In the late 18th century, British philosopher Jeremy Bentham conceived of a useful architectural scheme for snooping on convicts. It was called, in honor of the very optically endowed Hellenic giant, the Panopticon—a circular structure in which a single jailer could monitor prisoners without the inmates knowing they were being watched. The induced paranoia was calculated to reform criminals, or as Bentham noted, to create the “power of mind over mind.”
“Mind over mind” is the aspiration, the Holy Grail, of every totalitarian. In George Orwell’s 1984, a technological variation on the Panopticon, the two-way “telescreen,” ensured that citizens’ “every movement [was] scrutinized.” The chilling words emanating from the telescreens announced to exposed perps: “You are the dead.”
Technology has moved far beyond 1984—in both Orwellian and real time. The ever-watching eye of Big Brother is now encoded in gazillions of zeros and ones. Your computer, the ubiquitous cell phones and tablets, those Google ads that seem to know exactly what you were thinking of buying, the closed-circuit TV, the feeds from the camera on that drone you gave your kids for the holidays, the cop drones that will soon buzz across our cities’ skies (if they already aren’t doing so)—all information is everywhere all the time.
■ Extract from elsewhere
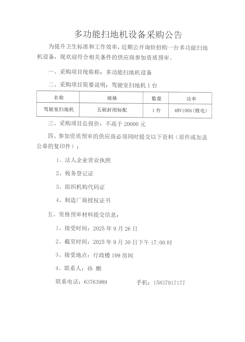 多功能扫地机设备采购公告
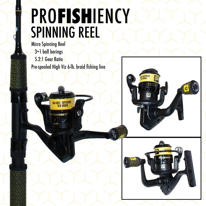ProFISHiency 5'6" Spinning Combo, IM7 Graphite Rod, Micro Spinning Reel 5.2:1 Gear Ratio, 3+1 Ball Bearing, 6lb Test Braid line, Multi, One Size (PROF56SPIN)

And someone is perusing that data. Sifting them. Combing them. Deciding if you might be a terrorist, a run-of-the-mill crook, or—what officialdom fears most—someone suspected of, as Orwell intoned, “thought crime.”
There’s an old joke about a guy at an airport who sees a friend and shouts, “Hi, Jack!” Security guards immediately pummel the guy to the ground, thinking he planned to hijack a plane. That joke has a modern expression. Algorithms scurrying around massive computer complexes try to ferret out people who are guilty—or are just perceived as guilty. Maybe a kid writing a term paper on the ancient Egyptian goddess Isis attracts the attention of a gargantuan computer—and as quick as an electron can whirl around a proton, that child is flagged along with some really, really bad actors connected to another ISIS.
The federal government and its hundreds of eager, well-paid corporate contractors watch and watch and watch: You. They collect. They know where you are, who you talk to, what you view online, what you write and record. Everything the spooks do to learn your secrets is itself a secret you’re not supposed to know.
You are told that if you’re not doing anything wrong, don’t worry about the snooping. And if you believe that, you have no understanding of history. American officials have used such surveillance to undermine and subvert the legitimate activities of citizens. From the dossiers on Dr. Martin Luther King Jr., to the criminal activities of agent provocateurs to disrupt peaceful protests, to the illegal spying on law-abiding citizens for no reason other than officials’ prurient curiosity, the government’s intelligence masters have used their apparatus in ways that would horrify the men who crafted the U.S. Constitution.
In our cover story, “The Data Demon” by Mark A. Taylor and Ajay Singh, we reveal the National Security Agency’s monstrous computer complex in Salt Lake City, and dig into threats posed to all Americans.
In a second feature, we deal with another genre of abuse. James Richardson, a poor black man in Florida, was wrongly accused of killing his own children, then spent years on death row—the victim of trenchant racism in the South.
Our reporter, Peter Gallagher, wrote the stories that were instrumental in exonerating Richardson and securing his freedom. Yet it is only recently that Richardson finally started to receive the compensation he was due from the state, decades after his release.
We also cover a different side of freedom altogether—one which prevailed in San Diego, California, when a new Church of Scientology opened to uplift lives and communities countywide.